**Data shown**
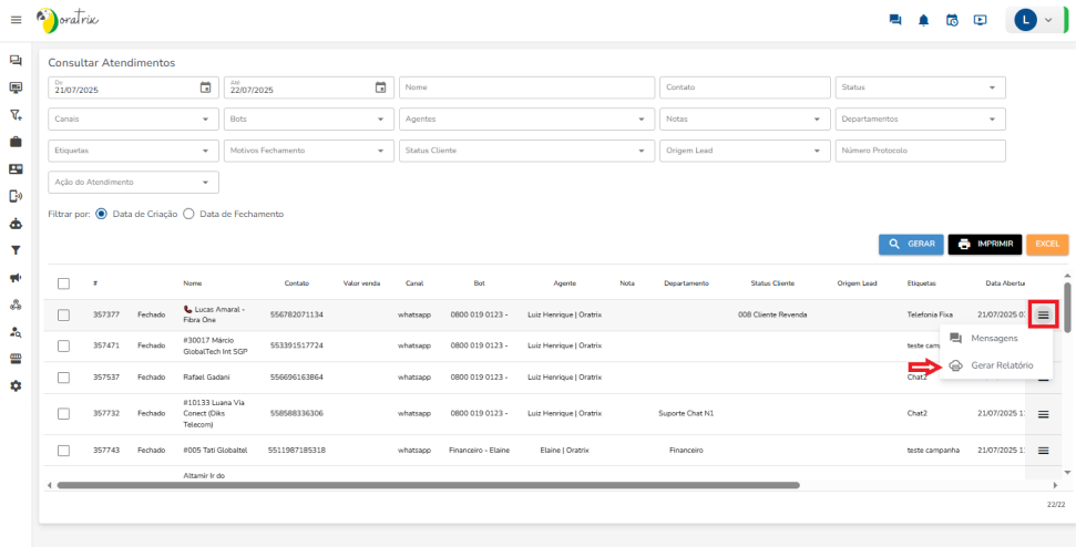 O Chat Oratrix permite exportar o histórico completo de conversas de um contato, facilitando o registro e a análise de atendimentos realizados pela equipe.
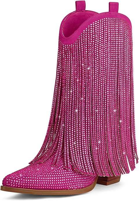 Women's High Top Cowboy Boots Cowgirl Western Rhinestone Tassel ZIP Closure Microfiber Leather Upper 7.5cm Chunky Heel Pointed
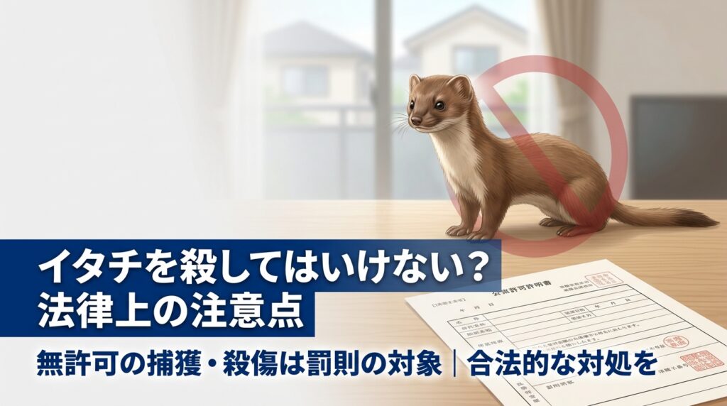 イタチは鳥獣保護管理法で保護されており、許可なく捕獲・殺傷すると1年以下の懲役または100万円以下の罰金が科せられます。一方、忌避剤を使った追い出しや侵入口封鎖は許可不要であり、すぐに着手できる合法的な対処法です。
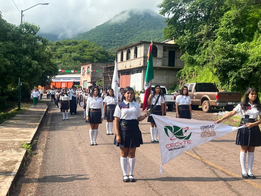 Morelia, Mich., 16 de Septiembre de 2024.- Desde la región Sierra-Costa hasta el Oriente michoacano, estudiantes del Colegio de Estudios Científicos y Tecnológicos del Estado de Michoacán (Cecytem) mostraron su patriotismo y gallardía en el desfile cívico militar conmemorativo por el 214 Aniversario de la Independencia de México.
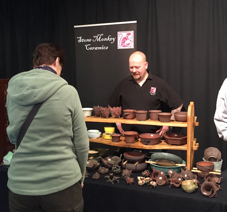 In the early part of 2003 I purchased a potter’s wheel and a 9 cubic foot gas kiln. Again there was another learning curve with new glaze recipes and reduction firing. Eventually I progressed enough to sell my Bonsai ceramics all over Europe via shows and also from my website under the name of Stone Monkey Ceramics.
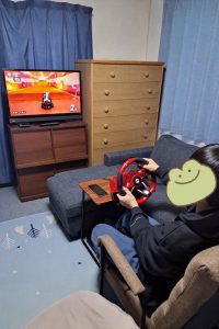 パパのお小遣いでマリオカートの専用ハンドルを買い、子供たちも大喜び。
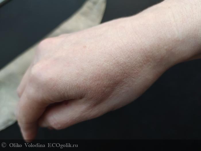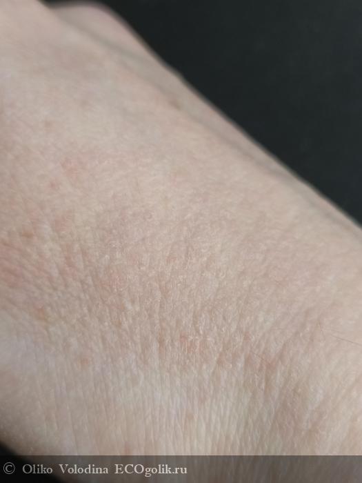 На коже есть ощущение тонких невидимых перчаток. Крем обволакивает кожу защитным слоем. Тактильно кожа более гладкая, сразу мягкая.
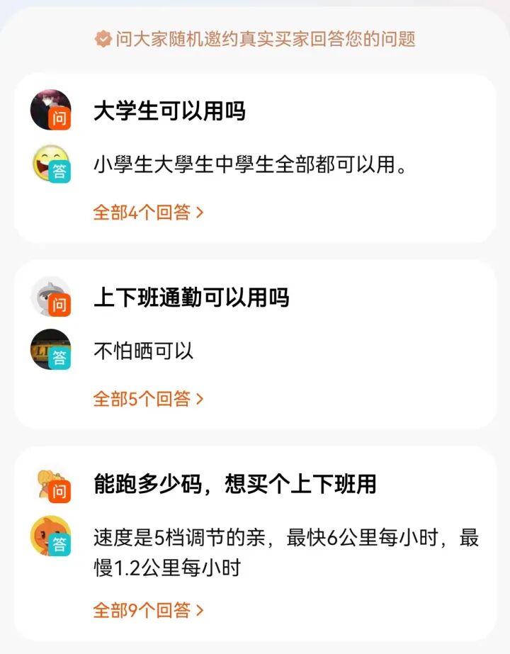 在产品主页,不少消费者抛出“大学生能用吗?”“上下班通勤可以使用吗?”这样的疑问。

**Work to be completed**
Look above for the line with "イタチは鳥獣保護管理法で保護", then give again exactly every line from there through the line with "Morelia, Mich., 16", skipping the pictures.

**Finished exercise**
 イタチは鳥獣保護管理法で保護されており、許可なく捕獲・殺傷すると1年以下の懲役または100万円以下の罰金が科せられます。一方、忌避剤を使った追い出しや侵入口封鎖は許可不要であり、すぐに着手できる合法的な対処法です。
 Morelia, Mich., 16 de Septiembre de 2024.- Desde la región Sierra-Costa hasta el Oriente michoacano, estudiantes del Colegio de Estudios Científicos y Tecnológicos del Estado de Michoacán (Cecytem) mostraron su patriotismo y gallardía en el desfile cívico militar conmemorativo por el 214 Aniversario de la Independencia de México.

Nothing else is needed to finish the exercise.